### ACTION ITEM
The expected answer is the full listing, repeated exactly and free of images.
(DATA SEGMENT Opens)
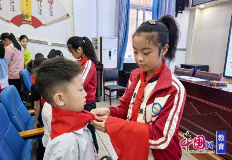 在庄重的时刻,老队员为新队员佩戴上鲜艳的红领巾。当红领巾在胸前飘扬,新队员脸上洋溢着自豪的笑容。该校全体新队员在大队长的指导下学习敬标准队礼,并进行了铿锵有力的呼号:“时刻准备着!”
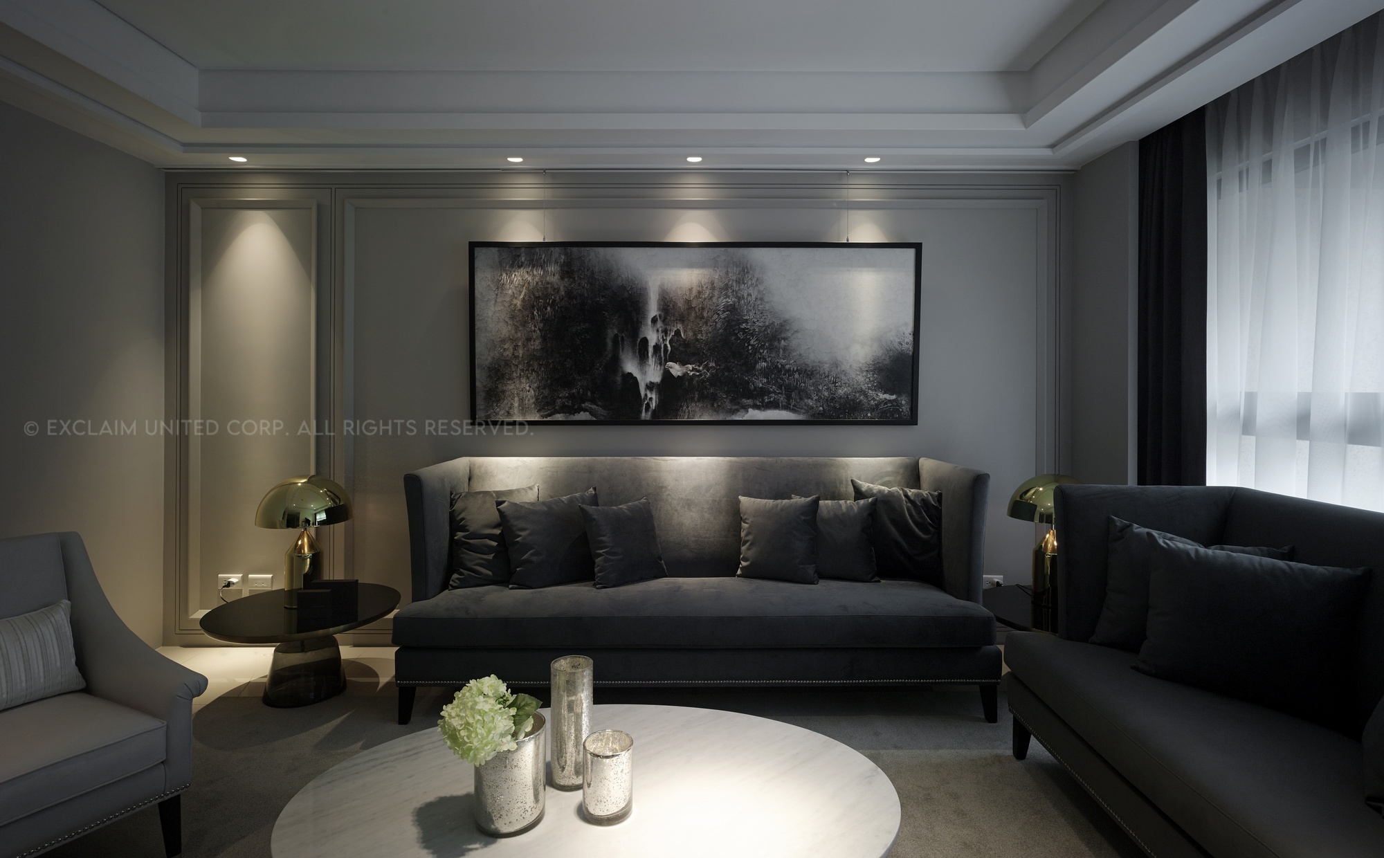 設計師以輕古典姿態,體現層峰人士的生活美學,空間主題圍繞藝術、綠意、生活三大概念,以線條語彙、變化疏密排列與重疊組合,運用光影成就空間,臨摹出立體的立面表情,在獨具匠心的收邊之處,展現桀驁的設計細節。同時重視每個細節處理工法,賦予鋼琴面質感的電視牆面,散發出暖白光澤感,加以溝縫形成線性切割,刻劃出簡約俐落的點線面設計。轉折之間,則以清玻璃做銜接,呈現輕盈透亮的視覺感受,轉進私領域內,則低調奢華俯拾皆是。
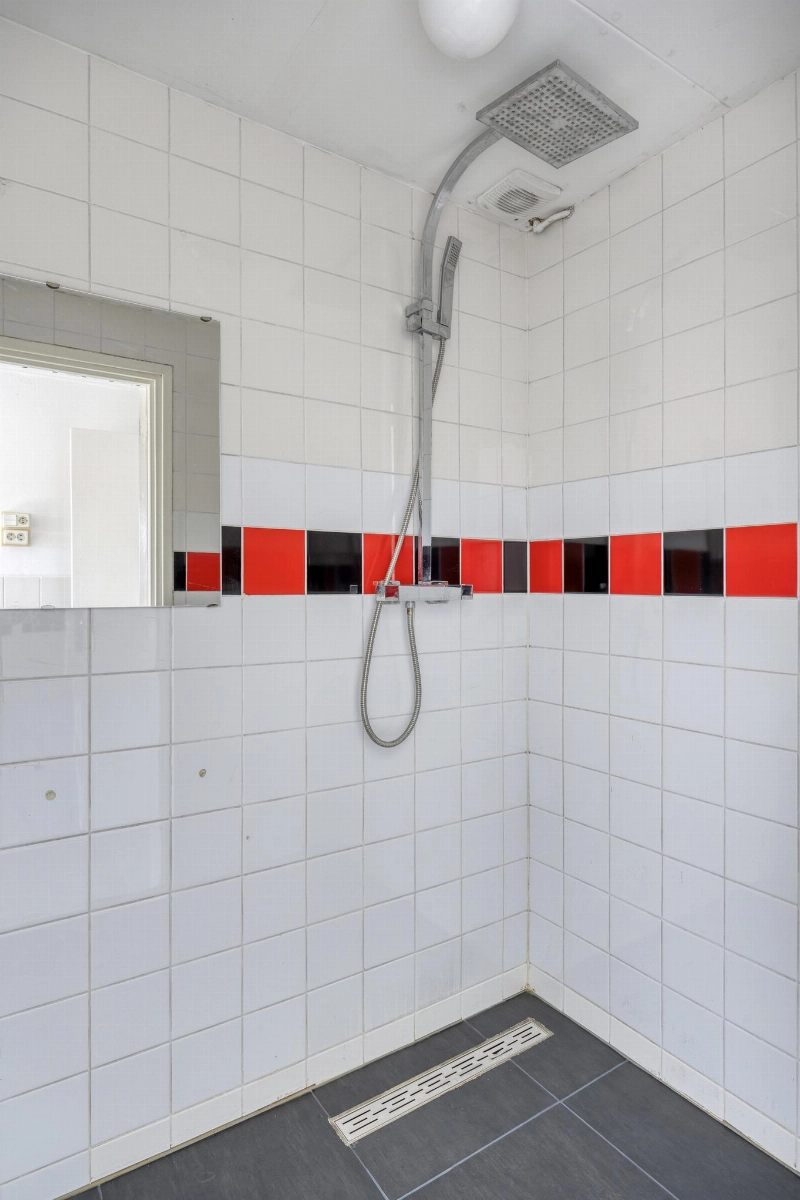 Via deze wasruimte bereik je de badkamer. Ook deze is ook weer ruim van opzet. Het geheel is eenvoudig betegeld en voorzien van een doucheopstelling.
(DATA SEGMENT Closes)
### SOLUTION
 在庄重的时刻,老队员为新队员佩戴上鲜艳的红领巾。当红领巾在胸前飘扬,新队员脸上洋溢着自豪的笑容。该校全体新队员在大队长的指导下学习敬标准队礼,并进行了铿锵有力的呼号:“时刻准备着!”
 設計師以輕古典姿態,體現層峰人士的生活美學,空間主題圍繞藝術、綠意、生活三大概念,以線條語彙、變化疏密排列與重疊組合,運用光影成就空間,臨摹出立體的立面表情,在獨具匠心的收邊之處,展現桀驁的設計細節。同時重視每個細節處理工法,賦予鋼琴面質感的電視牆面,散發出暖白光澤感,加以溝縫形成線性切割,刻劃出簡約俐落的點線面設計。轉折之間,則以清玻璃做銜接,呈現輕盈透亮的視覺感受,轉進私領域內,則低調奢華俯拾皆是。
 Via deze wasruimte bereik je de badkamer. Ook deze is ook weer ruim van opzet. Het geheel is eenvoudig betegeld en voorzien van een doucheopstelling.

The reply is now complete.